Here's an example of how to do it with C++98/03, assuming the functions you pass to the instruction won't need to take the arguments by modifiable reference, to do that, you also need to have overloads for P1& p1 instead of just const P1& p1.
#include <iostream>
#include <boost/function.hpp>
#include <boost/bind.hpp>
template <typename Result = void>
class instruction
{
public:
template <typename Func>
instruction(Func func)
{
m_func = func;
}
template <typename Func, typename P1>
instruction(Func func, const P1& p1)
{
m_func = boost::bind(func, p1);
}
template <typename Func, typename P1, typename P2>
instruction(Func func, const P1& p1, const P2& p2)
{
m_func = boost::bind(func, p1, p2);
}
template <typename Func, typename P1, typename P2, typename P3>
instruction(Func func, const P1& p1, const P2& p2, const P3& p3)
{
m_func = boost::bind(func, p1, p2, p3);
}
Result execute()
{
return m_func();
}
private:
boost::function<Result ()> m_func;
};
double add(double a, double b)
{
return (a + b);
}
int main()
{
instruction<double> test(&add, 1.5, 2.0);
std::cout << "result: " << test.execute() << std::endl;
}
Example: http://ideone.com/iyXp1
I also created a C++0x version with some example usage. You can probably better use the one given by reko_t but I nevertheless post this one. This one uses recursion to unpack a tuple with values, and thus a tuple to store the arguments to pass to the function.

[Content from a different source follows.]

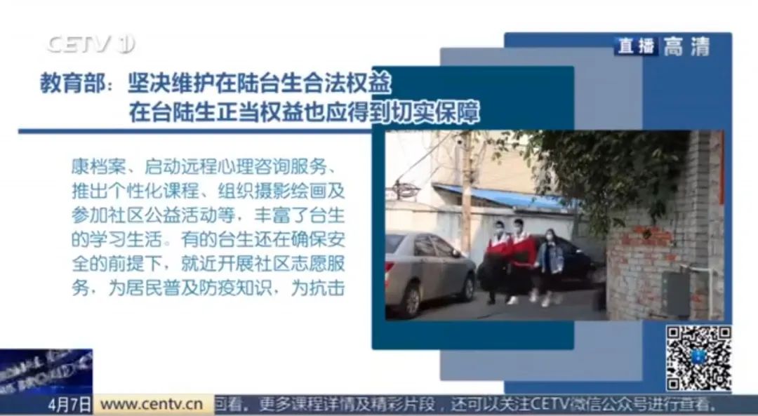 疫情發(fā)生后,大陸教育部門要求大陸各高校精準(zhǔn)了解每位在讀臺灣學(xué)生情況,落實(shí)屬地防疫措施,提醒臺生做好自身防護(hù),確保臺生健康有保障,組織開展線上教學(xué),“停課不停學(xué)”。很多高校為臺生推出了一系列暖心舉措,豐富在陸臺生學(xué)習(xí)生活。目前,在陸臺生無一感染。

Note that this one does not use perfect forwarding. If you use this, you probably want to add this.
#include <iostream>
#include <string>
#include <tuple>
using namespace std;
template<unsigned N>
struct FunctionCaller
{
template<typename ... Typenames, typename ... Args>
static void call(void (*func)(Typenames ...), tuple<Typenames ...> tuple, Args ... args)
{
FunctionCaller<N-1>::call(func, tuple, get<N-1>(tuple), args ...);
}
};
template<>
struct FunctionCaller<0u>
{
template<typename ... Typenames, typename ... Args>
static void call(void (*func)(Typenames ...), tuple<Typenames ...> tuple, Args ... args)
{
func(args ...);
}
};
template<typename ... Typenames>
class Instruction
{
public:
typedef void (*FuncType)(Typenames ...);
protected:
std::tuple<Typenames ...> d_args;
FuncType d_function;
public:
Instruction(FuncType function, Typenames ... args):
d_args(args ...),
d_function(function)
{
}
void execute()
{
FunctionCaller<sizeof...(Typenames)>::call(d_function, d_args);
}
};
void test1()
{
cout << "Hello World" << endl;
}
void test2(int a, string b, double c)
{
cout << a << b << c << endl;
}
int main(int argc, char** argv)
{
Instruction<> i1(test1);
Instruction<int, string, double> i2(test2, 5, "/2 = ", 2.5);
i1.execute();
i2.execute();
return 0;
}
Well, what you are doing is correct. But since all pointers have the same size in C++ you can store one pointer (of void type):
void *funcptr;
and cast it to the necessary type when needed:
static_cast<(*void)(double,double)>(funcptr)(var_a, var_b);
But please, only use this when better techniques can not be used, but I can not tell if you don't tell us the bigger picture.
You might want to look at boost::function.